Ferguson v. RE Ball and Company

Annotate this Case

173 S.E.2d 83 (1970)

Paul FERGUSON v. R. E. BALL AND COMPANY, a Corporation, et al.

No. 12845.

Supreme Court of Appeals of West Virginia.

Submitted February 10, 1970.

Decided March 24, 1970.

*84 Baer & Napier, Philip A. Baer, Huntington, for appellant.

Jenkins, Schaub & Fenstermaker, John F. Wood, Jr., Huntington, for appellees.

BERRY, Judge.

This appeal involves a civil action for personal injuries instituted in the Circuit Court of Cabell County by the plaintiff, Paul Ferguson, against the defendants R. E. Ball and Company, a corporation, and Robert E. Ball, an individual operating the corporation, which resulted in a jury verdict in favor of the defendants with judgment entered thereon on the 14th day of May, 1968, after which a motion to set aside the verdict and grant a new trial was overruled on December 13, 1968. The appeal and supersedeas were granted by this Court on June 23, 1969 and the case was submitted on briefs and arguments at the January Regular Term, 1970, of this Court.

The defendants are engaged in the business of building houses for sale on property owned by the defendants and will be considered as one and referred to hereinafter as "defendant". The plaintiff was an independent contractor whose services the defendant usually obtained to do the electrical work in the houses being built, after the work on the houses had been completed to such an extent that they were ready for the wiring to be installed.
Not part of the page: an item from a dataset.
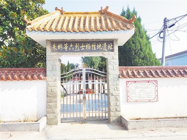 朱彬等六烈士犧牲地遺址,緊挨著王路口行政村文化廣場,現(xiàn)在已是沈丘縣縣級文物保護單位,里面蒼松翠柏,建有紀念亭,立有紀念碑。當?shù)卮迕襁€有一個愿望,準備為朱彬立一座石刻雕像,在周圍的墻壁上畫上朱彬騎馬戰(zhàn)斗的情景,將這里打造成一個紅色景點,開發(fā)為黨史教育基地,供群眾憑吊、瞻仰。

The defendant had been engaged in this business for a period of about twelve years during which time the plaintiff had installed most of the electrical wiring in the buildings constructed by the defendant.
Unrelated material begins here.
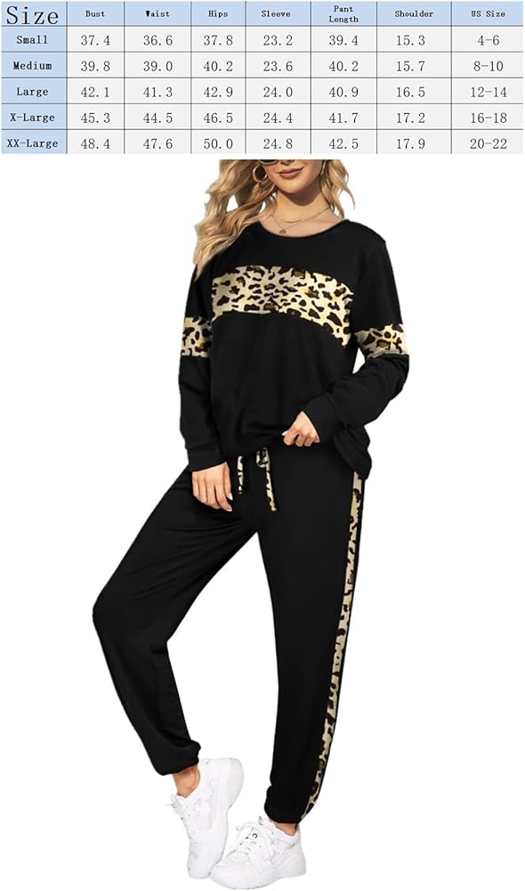 Package Contents : 1 x Leopard Sweatsuits Suits For Women.(Tops and Pants). Size:S-XXL,Color:Black/Blue/Grey.

During the month of January, 1965 the defendant was constructing a house at 132 Altamont Road, Huntington, West Virginia, and when it was partially completed and ready for wiring the defendant requested the plaintiff to install the electrical wiring, and on January 19, 1965 the plaintiff came to the house in question for that purpose. The house being constructed was of a splitlevel design and temporary steps leading from one level to another had been placed in the house by a carpenter employed by the defendant. Three stringers upon which steps were to be constructed had been placed in position and temporary plywood treads placed on them. No risers had been placed on the stringers. The stringers had been nailed to partitions where the studdings were located and were notched at the top to rest on that level. The defendant's carpenter who constructed the steps in question did so in the same manner as he had done in other constructions *85 erected by him during about twenty-five years he had spent doing carpenter work. There was no evidence introduced to indicate the number or the size of the nails used in the stringers to hold them up. No inspection was made of the temporary steps to ascertain their condition after they were built by the defendant.

The steps were used by various workmen to get from one level to another, and at the time the plaintiff arrived the defendant and his carpenter were carrying flooring up the stairs to be installed in the upper level of the house.

Nothing was said to the plaintiff about the condition of the steps although he had observed the use thereof. After the plaintiff had looked over the various rooms in the house he was considering the installation of a switch in the vicinity of the steps and discussed this matter with the defendant Ball after which Ball then left the premises. The plaintiff then started up the steps to look at the wall area, and while standing on the steps two of the three stringers pulled loose and the steps collapsed, causing the plaintiff to fall from the steps on the lower level to the basement through an unfinished area, dropping some 12 or 14 feet. He fell on top of the lumber and suffered severe injuries to his left foot fracturing the heel bone or calcaneus. He was unable to work for about a year and suffered permanent loss of motion in his ankle.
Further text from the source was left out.